Don't waste your money on a 2wd backhoe


----------



## BossPlow2010 (Sep 29, 2010)

1olddogtwo;2145082 said:


> As far as lock, yes they do. The also have independent brakes for left and right rear brake.
> 
> I would vote 4 wheel drive, better to have then not.
> 
> Now this thread will turn into a two vs four wheel and how two wheel drive salt trucks are better for plowing....lol


A 4wd backhoe has the left and right brake too.


----------



## 1olddogtwo (Aug 6, 2007)

BossPlow2010;2145100 said:


> A 4wd backhoe has the left and right brake too.


Wasn't trying to say otherwise, actually I've never care to plow with one. Something about the hoe being attracted to those little entrance and exit signs that turns me off to using them.


----------



## 98Chevy2500 (Nov 27, 2005)

Most times we push in 2wd, it is nice to have 4wd when theres a slick glaze underneath


----------



## Mr.Markus (Jan 7, 2010)

When I first started I drove a 2wd 580k. Used mostly for pushing back piles, you would think the weight would help with traction but those big tires disperse it pretty good and spin quite a bit. When we got a 4wd it was night and day and the back tires didn't wear as fast. It was nice not to have to hoe yourself out of the pile as well...


----------



## Mark Oomkes (Dec 10, 2000)

JD Dave;2145088 said:


> It's kinda the same difference between using an axe and a chainsaw. Get the 4wd.

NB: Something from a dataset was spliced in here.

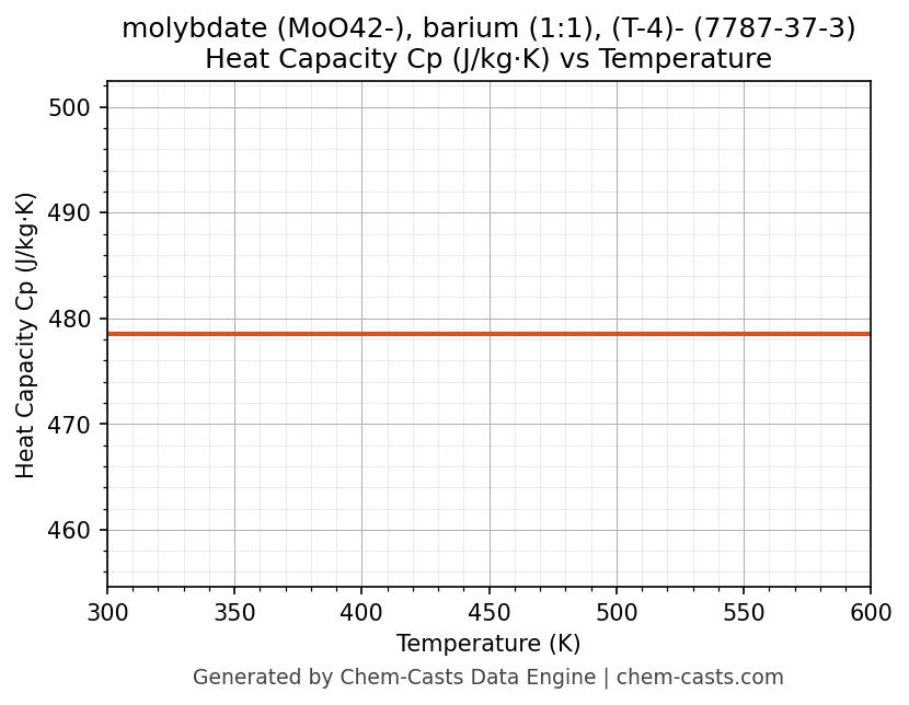 - Specific heat capacity (Cp) indicates the amount of energy required to raise the temperature of molybdate (MoO42-), barium (1:1), (T-4)- and is critical for energy balance and heat-exchanger design.

I don't understand............


----------



## JD Dave (Mar 20, 2007)

Mark Oomkes;2145135 said:


> I don't understand............


I wasn't talking to you ........


----------



## Mark Oomkes (Dec 10, 2000)

JD Dave;2145205 said:


> I wasn't talking to you ........


No need to be bitter just because I have more hair.


----------



## Broncslefty7 (Jul 14, 2014)

i have a '91 care 680, it is 2 wheel drive and cant move on level ground. stay away.

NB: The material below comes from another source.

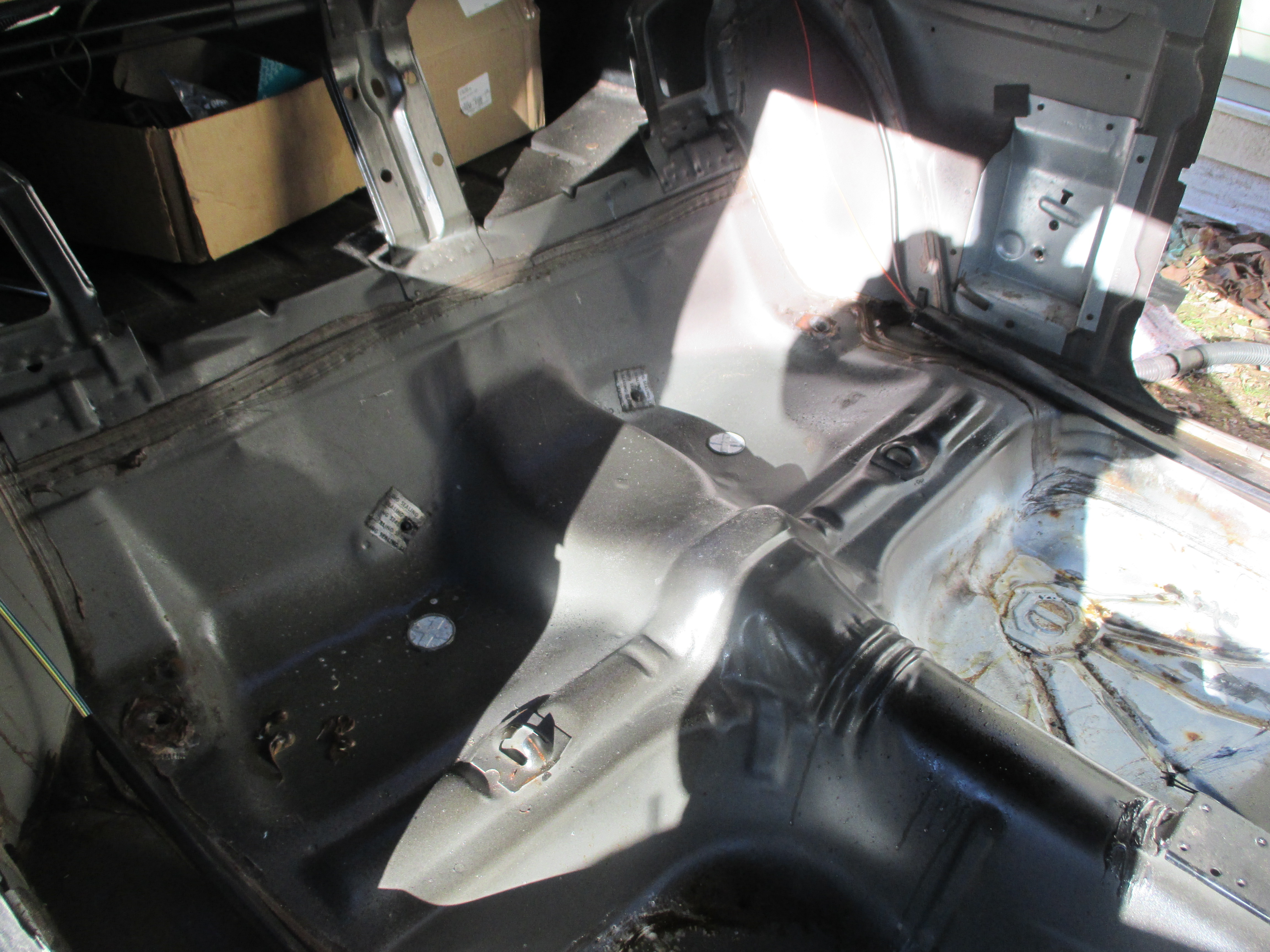 After removing the carpet and the many dead rodents we only needed to get past the horrible stench of the dead. The floor was soaked in bleach. the sanded to remove any surface rust and loose pieces. Once clean the floor was sprayed with a rust inhibitor and then painted. The floors are solid and a good platform to work from.

that being said the thing starts rite up when its 0 degrees out in February even if i hadn't started it in months.


----------



## cat320 (Aug 25, 2000)

I have had both a 2wd and 4wd . I have had no problems but when it came to mud on the 2wd . I would go with the 4wd.


----------



## NHresident (Jun 13, 2008)

OK thanks to every one for all the input


----------



## rob_cook2001 (Nov 15, 2008)

2wd hoes suck,even in dry conditions. Just trying to get a full bucket of dirt for back fill can be frustrating at times in 2wd.


----------



## FredG (Oct 15, 2012)

There are to many reasons to list why you do not want the 2 wheel. I will say this, You will have a hard time selling it. These are not desirable to contractors anymore.


----------



## lawnboy2121 (Jan 25, 2007)

We run a 2wd jcb and it pushes a 10 ft box with no problem . Wet or dry snow it doesn't have any issues with it. A 4wd is better but a 2wd machine can do the job also


----------